902 F.2d 1268, 1990 U.S. App. LEXIS 8659, 1990 WL 68540
CourtCourt of Appeals for the Seventh Circuit
DecidedMay 25, 1990
Docket89-1520
StatusPublished
Cited by41 cases

This text of 902 F.2d 1268 (Jimmy Ray Rogers and Linda Rogers v. United States) is published on Counsel Stack Legal Research, covering Court of Appeals for the Seventh Circuit primary law. Counsel Stack provides free access to over 12 million legal documents including statutes, case law, regulations, and constitutions.

Bluebook
Jimmy Ray Rogers and Linda Rogers v. United States, 902 F.2d 1268, 1990 U.S. App. LEXIS 8659, 1990 WL 68540 (7th Cir. 1990).

Opinion

CUMMINGS, Circuit Judge.

This appeal involves a suit filed against the United States under the Federal Tort Claims Act (FTCA) by a former member of the armed services. Jimmy Ray Rogers thought his service days were long past when he was arrested on a desertion charge and held for nearly two months awaiting trial by court-martial. He was acquitted of the desertion charge and then sued under the FTCA. Because the injuries alleged by Rogers and his wife, Linda Rogers, were the direct product of a military relationship we affirm the district court’s holding that the Feres doctrine, named for Feres v. United States, 340 U.S. *1269 135, 71 S.Ct. 153, 95 L.Ed. 152 (1950), bars the claims.

I.

This Court has jurisdiction over this appeal because dismissal of an action for lack of subject matter jurisdiction is a final judgment. 28 U.S.C. § 1291. In reviewing the grant of a motion to dismiss for lack of subject matter jurisdiction, we must consider as true all of the plaintiffs’ factual allegations. Walls v. United States, 832 F.2d 93, 94 (7th Cir.1987).
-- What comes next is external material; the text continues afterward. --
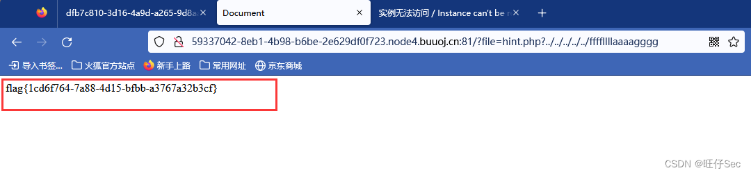hint.php?../…/…/…/…/ffffllllaaaagggg 我们可以想象他传入checkFile函数要经历 第一次白名单验证 一次?过滤后他就是hint.php 再进行一次白名单验证 返回为真 则达成条件进行包含得到flag

Just after he turned 18 in November 1976, Jimmy Ray Rogers joined the United States Navy. He signed up for a four-year stint. After boot camp and some preliminary training, but before the first year was up, Rogers decided the Navy was not for him. He requested to be relieved of all service obligations under an experimental early release program. Navy command and personnel officials agreed to discharge Rogers. They set a discharge date of September 6, 1977. Rogers was then a boatswain’s mate on the USS Guadalcanal, based in Norfolk, Virginia. He asked to leave his Norfolk assignment one week in advance of his discharge date. He wanted to share a ride to Florida with a shipmate who happened to be driving that way.

Rogers says he received permission from his master-at-arms to leave on August 31, 1977. He asserts that he was told by Navy officials that the Navy would forward his final paperwork by mail to his mother in Kentucky. On August 31, 1977, Rogers turned in his identification card, uniforms, and seabag and left his base. Rogers says that he considered himself released from all obligations to the Navy, though he admits knowing that the formality of preparing discharge papers had yet to occur (Transcript of Proceedings at Trial (“Tr.”) at 55).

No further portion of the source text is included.